Using what’s available

datchley

I’ve seen a lot of questions from new and beginning programmers on various forums and other online communities. A lot of them, albeit, geared toward a particular language, like shell programming, Perl or C; but generally all them are in the Unix variety of environments, primarily Linux. Many times, they are asking how to do a given task in a given language, when that task might be better done in other ways. Yes, there are times where you’ve been hand-cuffed to a particular language or operating environment; but there are generally 1001 ways to skin a cat in Unix and people tend to forget this as they’re picking up a language like Perl, Python, Ruby and others. If you are writing scripts and programs on Unix that operate on the back-end of things — i.e. not CGI or web related and/or dealing with GUI interfaces — you are almost always better off combining your primary language and those smaller scripting languages and other tools that Unix provides for developers to make your life easier, and help keep your code manageable.

In our example, someone on a Perl forum was asking about how to copy a set of files from a directory and it’s sub directories to another single directory. All the files were gzipped, with a .gz extension. Doing this in Perl using File::Find or some other such feature is a bit of overkill for this given task. The Unix shell and accompanying commands it provides can handle this with less typing.

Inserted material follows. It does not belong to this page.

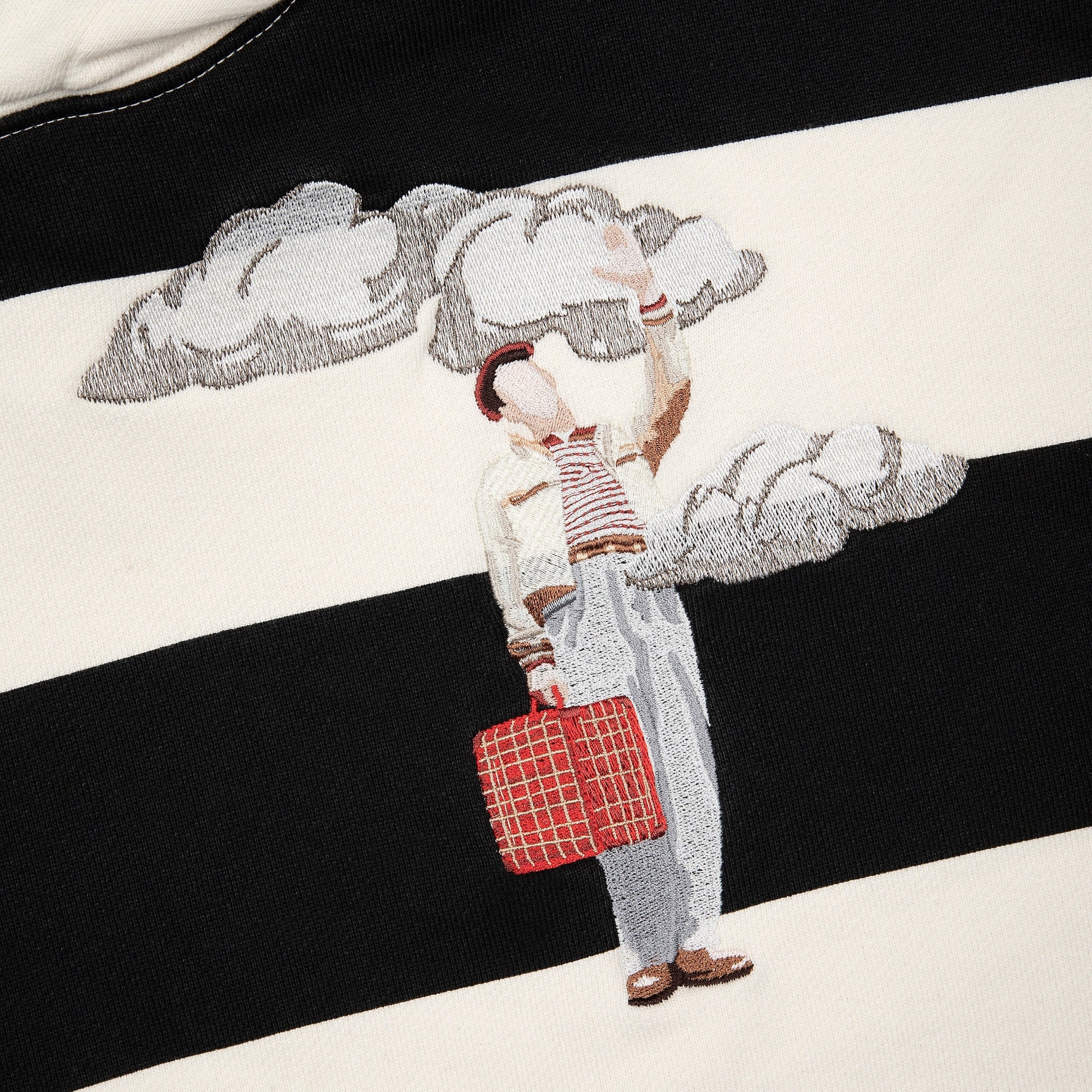 460gsm / 100% preshrunk cotton / navy printed stripes on ecru fabric (wash and iron inside out at low heat) / embroidery on front / fits true to size?

$ find . -name '*.gz' | xargs -I {} mv {} /new/parent/folder/

This is very quick and can even be called from the given Perl script via system() or backticks. Otherwise, doing it in Perl with File::Find would take a number of lines to find the matching files in the given directory tree and then you’d still have to write the Perl code to move the files over to the new directory. Just call the above snippet from your Perl script, check the return results and move on. No need to reinvent the wheel.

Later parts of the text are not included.